Umfangreiche Tests am HiAnt-Träger

Wegen der großen Anwendungschancen von Tepex im Antriebsstrang von Elektrofahrzeugen hat Bond-Laminates mit einem eigenen Testaufbau umfangreich das Brandverhalten von überspritzem Tepex auf Basis von PA 6 untersucht. Zum Einsatz kam dabei ein sogenannter HiAnt-Träger. Dabei handelt es sich um ein U-förmiges Profil aus Tepex, das innen mit kreuzweise angelegten Rippen aus verschiedenen PA-6-Typen Durethan mit oder ohne Flammschutzpaket verstärkt ist. Dieser praxisnahe Prüfkörper wird an sechs Positionen mit 900 °C zwischen 30 s und 5 min beflammt – so etwa an den Polyamid-Rippen oder nicht überspritzten Bereichen.

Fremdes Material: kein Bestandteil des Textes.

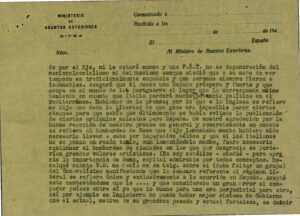 Hablamos de la prensa; por lo que a la inglesa se refiere me dijo que dada la libertad de que goza era imposible parar ciertos ataques pero que sabía que últimamente se había evitado la publicación de ciertos artículos molestos para España. Se mostró agradecido por la buena reacción de nuestra prensa en general y concretamente en cuanto se refiere al bombardeo de Roma que dijo lamentaba mucho, hubiera sido necesario llevar a cabo por imperativo bélico y que si los italianos no se ponen en razón temía, aun lamentándolo mucho, fuera necesario continuar el bombardeo de ciudades en las que por desgracia se perderían grandes valores artísticos. (No soy católico – añadió – pero aprecio la importancia de Roma, capital admirable por todos conceptos). Recalqué cuanto V.E. me decía en su telegrama sobre el (debe faltar un grupo) del Generalísimo manifestando que la censura referente al régimen liberal se refiere única y exclusivamente a lo ocurrido en España. Aceptó contestándome que lo… y que consideraba un gran error el comparar países entre sí ya que lo bueno para uno era perjudicial para otro, así por ejemplo en Inglaterra no puede haber mejor sistema de Gobierno que el actual, motivo de su grandeza pasada y actual fortaleza, es decir una Monarquía limitada y permanente, tan necesaria para los pueblos por hacer posible la continuidad. Me dio como ejemplo el caso de los EE.UU. en el que, según él, las elecciones de representantes (¿) ya preocupan más hasta cierto punto que la guerra, mientras en Inglaterra – dijo – “podría yo desaparecer y las cosas seguirían su curso, sin trastorno ni sacudidas para el país”.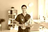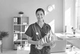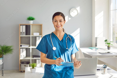 Portrait of a young pretty happy smiling female doctor in blue medical uniform standing in her office. Confident woman physician holding report file with appointment and looking at the camera.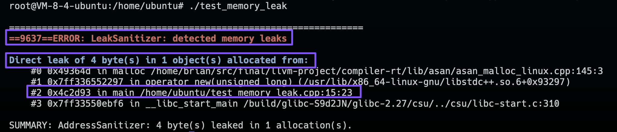 | 1 | clang -fsanitize=address -g -lstdc++ test_memory_leak.cpp -o test_memory_leak |

Dabei bestätigte sich wieder die inhärent hohe Brandwidrigkeit von nicht flammgeschütztem Tepex. Denn nach fünf Minuten Beflammung brennt ausschließlich das Über- und Hinterspritzmaterial – und das auch nur, wenn es ohne spezielle Flammschutzmittel ausgerüstet ist. Bestehen dagegen die Rippen und überspritzten Bereiche aus einem flammgeschützten Polyamid, breiten sich die Flammen vom Ort der Beflammung nicht aus, sondern erlöschen, wenn der Brenner entfernt wird. „Der Einsatz von nicht flammgeschütztem Tepex mit flammgeschütztem Spritzgießmaterial bietet daher bei der Auslegung von flammwidrigen Bauteilen eine sehr hohe Sicherheitsreserve. Wir sehen für diese Materialkombination daher großes Anwendungspotenzial bei Bauteilen in Hochvolt-Batterien wie Gehäusen oder Trennblechen, aber auch in Bodenplatten für induktive Batterieladesysteme“, resümiert Seidel.